Pablo utiliza frecuentemente esta palabra, aplicándola a las más variadas esferas de la vida humana. Él espera que la piedad sea la forma de vida de los cristianos. Así, la aplica a la mujer, a la vida familiar, a la juventud, a la actitud del cristiano frente a los bienes.

En relación con la mujer cristiana, dice el apóstol: «Quiero, pues … que las mujeres se atavíen de ropa decorosa, con pudor y modestia; no  con peinado ostentoso, ni oro, ni perlas, ni vestidos costosos, sino con buenas obras, como corresponde a mujeres que profesan piedad» (1 Tim. 2:8-10). En la mujer, la piedad tiene que ver con su apariencia y, fundamentalmente, con sus obras.
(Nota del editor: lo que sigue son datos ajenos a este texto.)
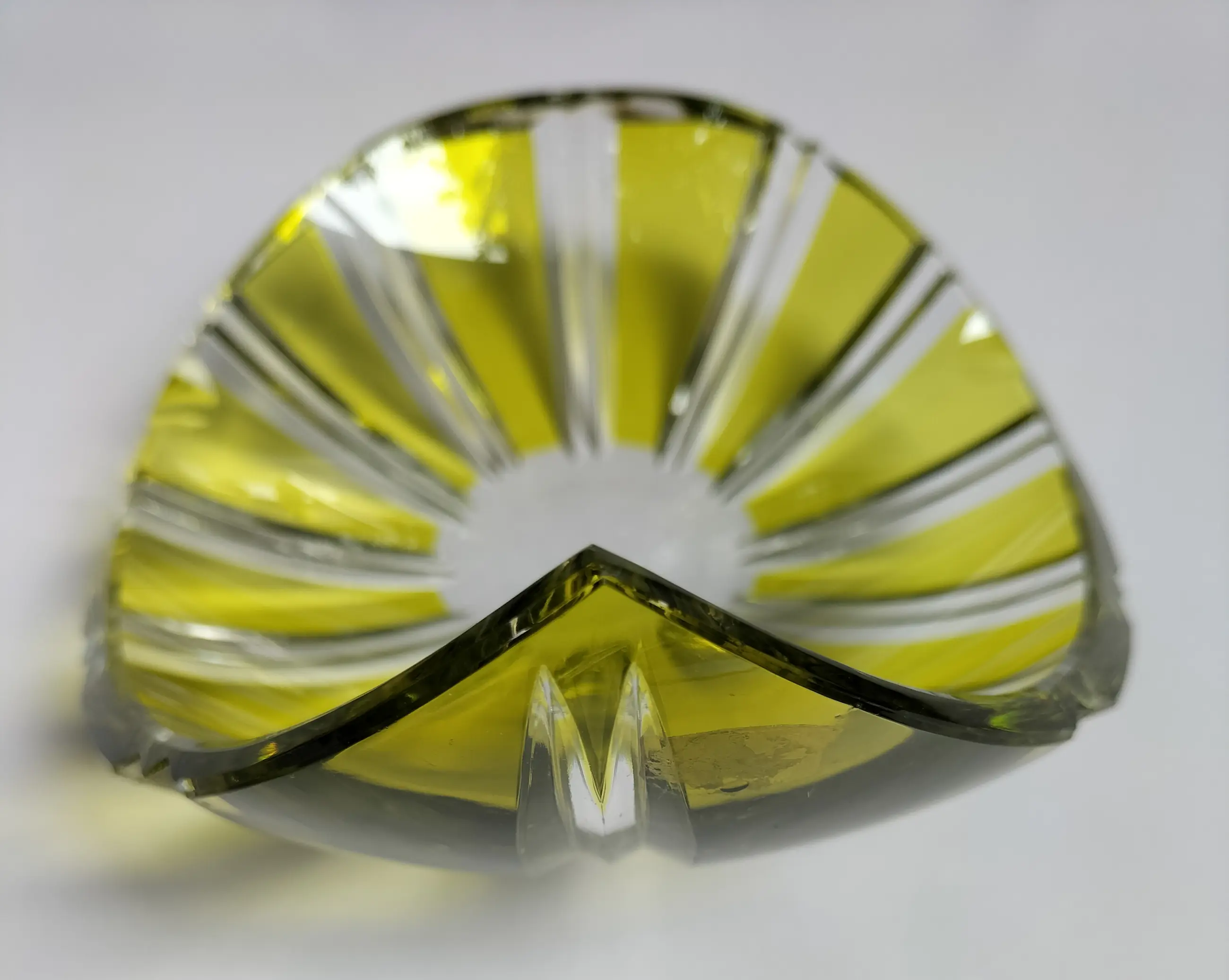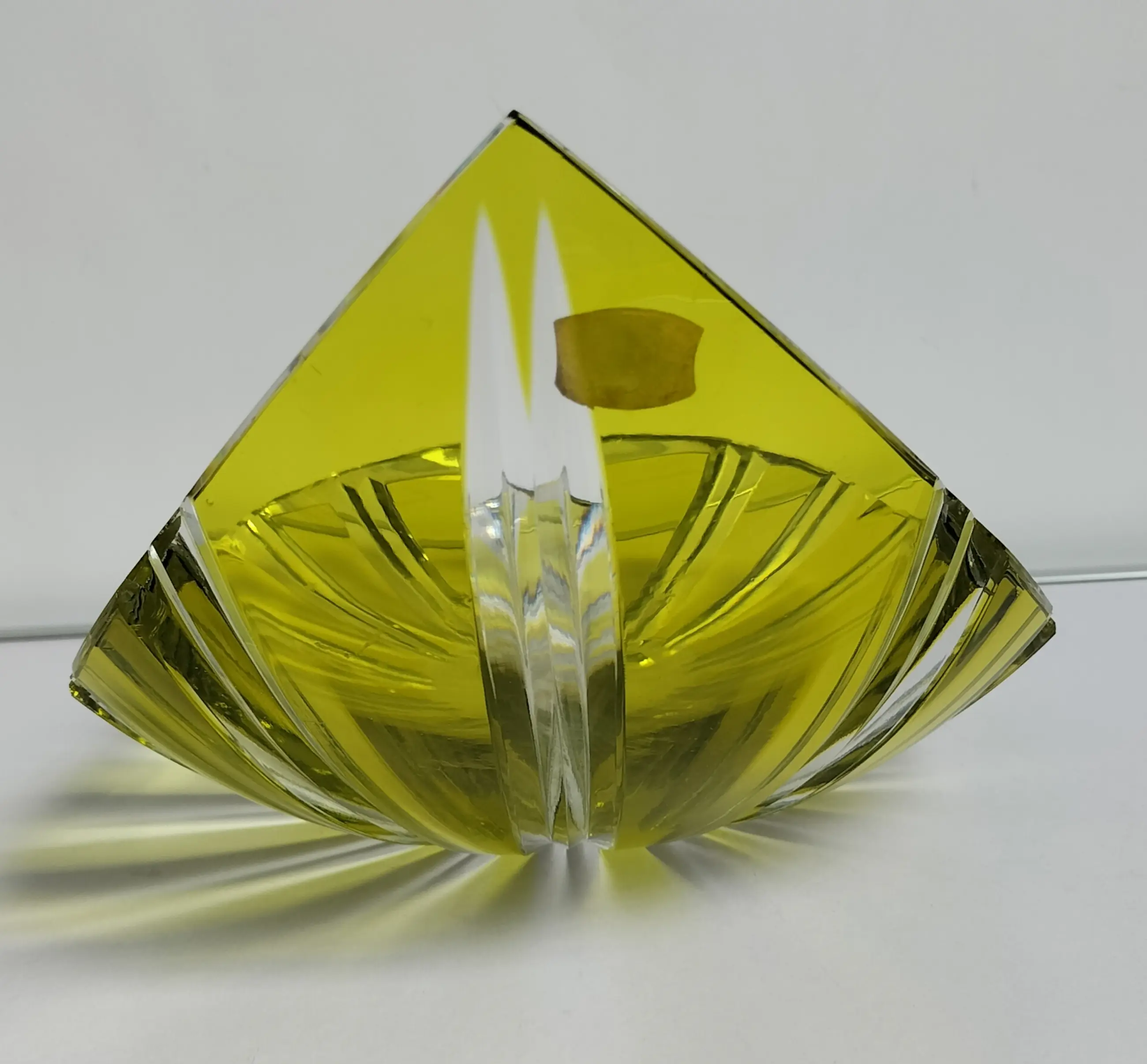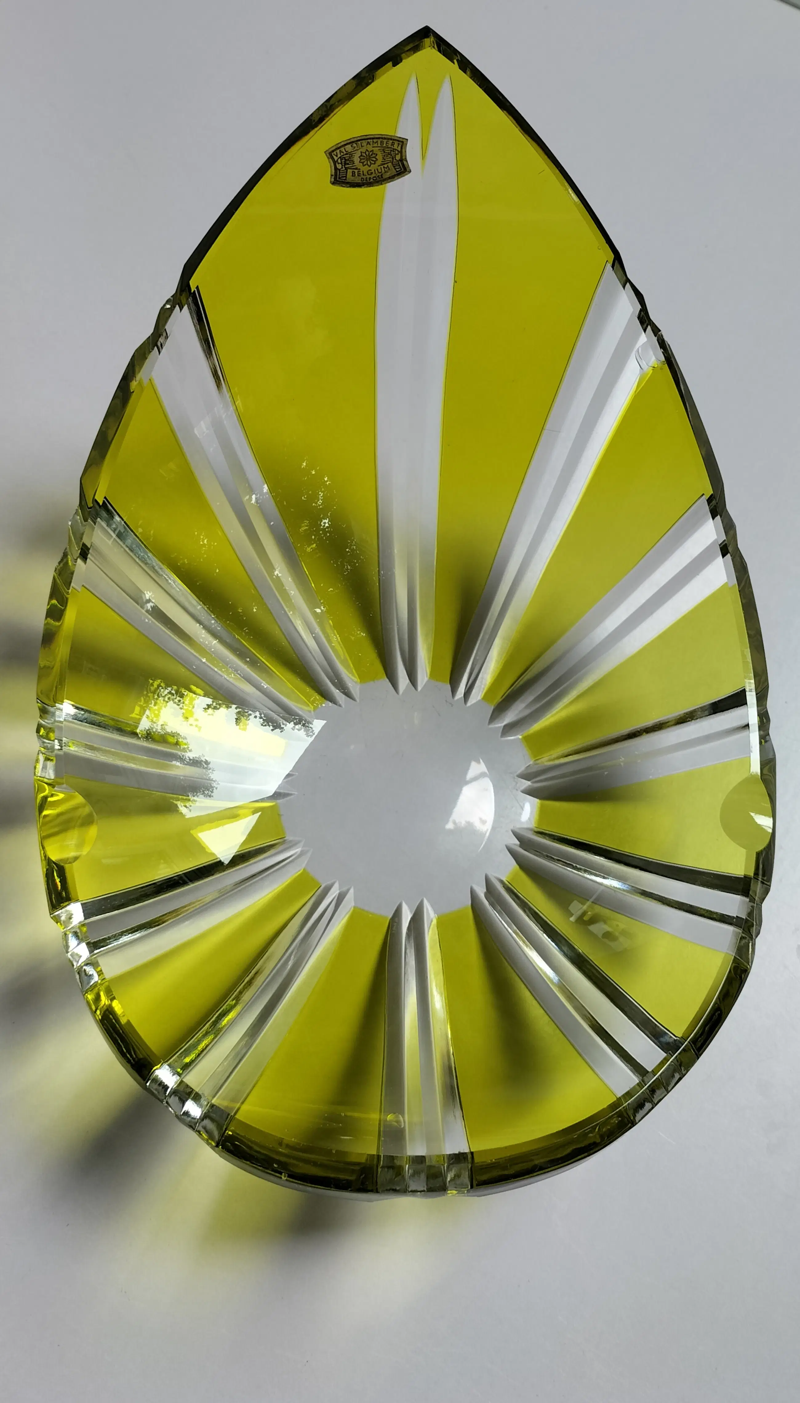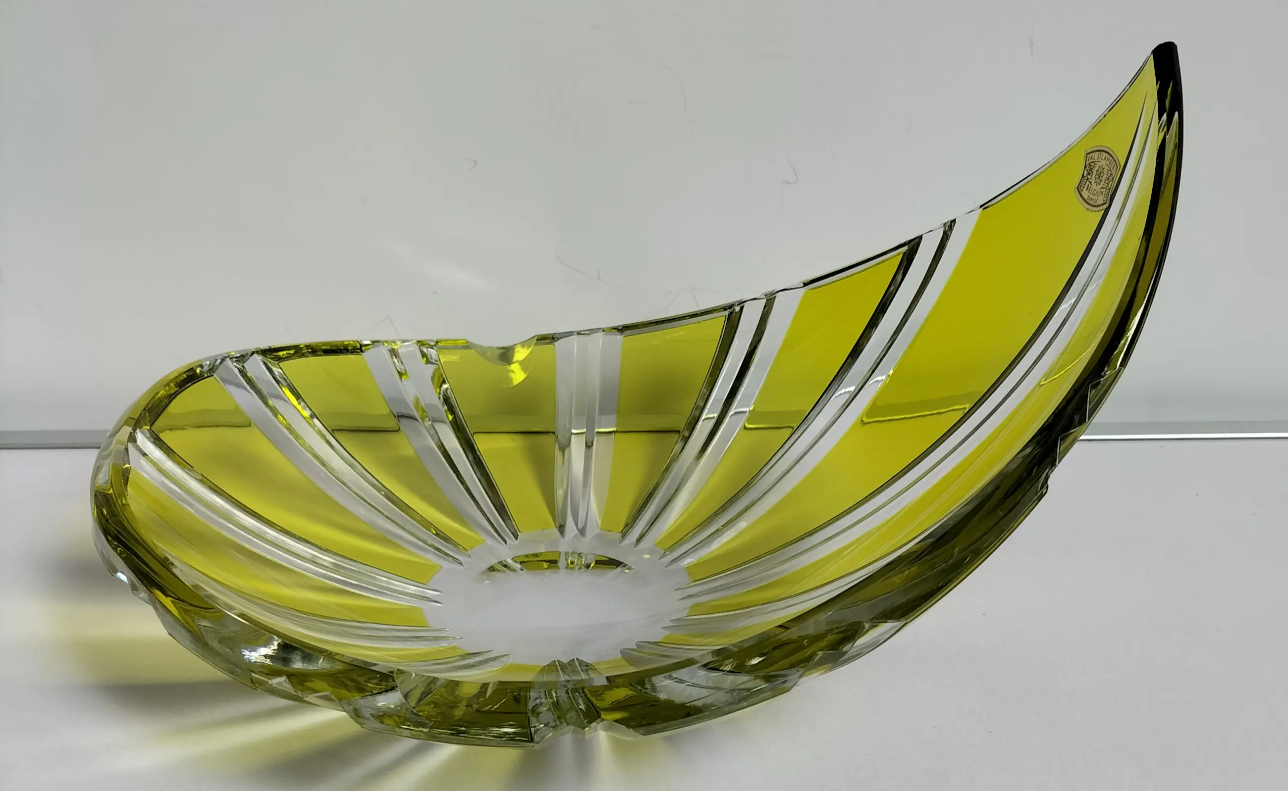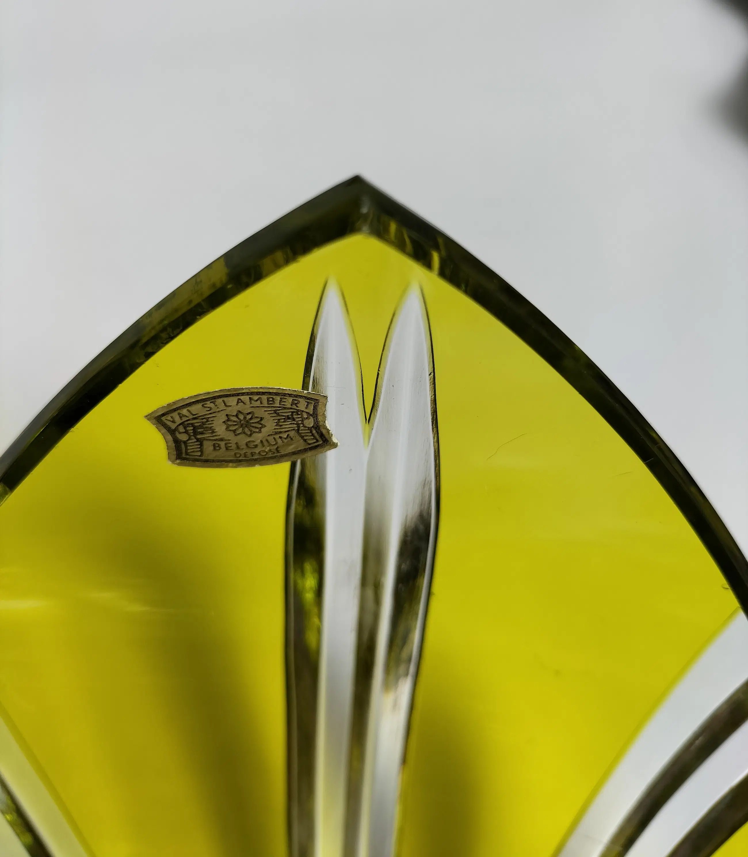 Bijzonder fraaie kristallen asbak (meer een schaal) van Val Saint-Lambert uit de jaren 60. Met de mond geblazen helder glas met een laag geelgroen kristal in een soort geometrisch dessin. De vormgeving is strak en modern, de relatief lage schaal (4/5 cm) loopt uit in een hoge punt (13 cm). Onderop niet gesigneerd, wel voorzien van een sticker. Helaas is er aan de achter-zijkant richting punt een chip (zie laatste 2 foto's). Deze is wel zichtbaar maar ook weer niet héél opvallend. Ondanks dat wil ik deze schaal toch te koop aanbieden vanwege de prachtige vorm en kleurschakering. De vraagprijs is dan ook aangepast. De schaal is verder in prima staat, met hier en daar wat lichte gebruikssporen(krasjes). Bekijkt u de foto's goed. Een mooie aparte schaal, die uiteraard met veel zorg verpakt en verzonden zal worden.

La mujer pone gran cuidado en su presentación personal, en su cuerpo y en su vestido. Ella tiene gran conciencia de su belleza y de su gracia natural. Entonces surge para ella un gran dilema. Respecto a este asunto, Pablo presenta dos opciones: por un lado, la ropa decorosa, el pudor y la modestia; por otro, la ostentación, los vestidos costosos, el oro y las perlas. Él dice sí a lo primero; no a lo último. Y aquello debe ir de la mano con las buenas obras, «como corresponde a mujeres que profesan piedad».

¿Qué evoca una mujer cristiana en aquellos que la ven? ¿Es su aspecto el de una mujer de mundo, muy a la moda, con adornos lujosos? ¿Es su aspecto evocador de la belleza interior, del recato, de la pureza, de la santidad? No se pretende proponer para ella un estilo de vestir ridículo y anticuado, ni se trata tampoco de alentar el descuido en su presentación. Esto va más allá de las cosas externas, y se refiere a la impresión que la mujer deja en el corazón.

Si una cristiana hace recordar a una mujer mundana, o una determinada moda; más aun, si despierta algún deseo impuro, entonces está prestando su belleza para lo banal y deshonroso. Si, en cambio, tiene ese aire radiante de la verdadera belleza interior, entonces habrá conseguido una victoria sobre su vanidad; y habrá dado un ejemplo que otras mujeres podrán seguir.

Este es el «atavío interno, el del corazón, en el incorruptible ornato de un espíritu afable y apacible, que es de grande estima delante de Dios» (1 Ped. 3:4). Esta es la verdadera piedad –y la verdadera belleza– en la mujer.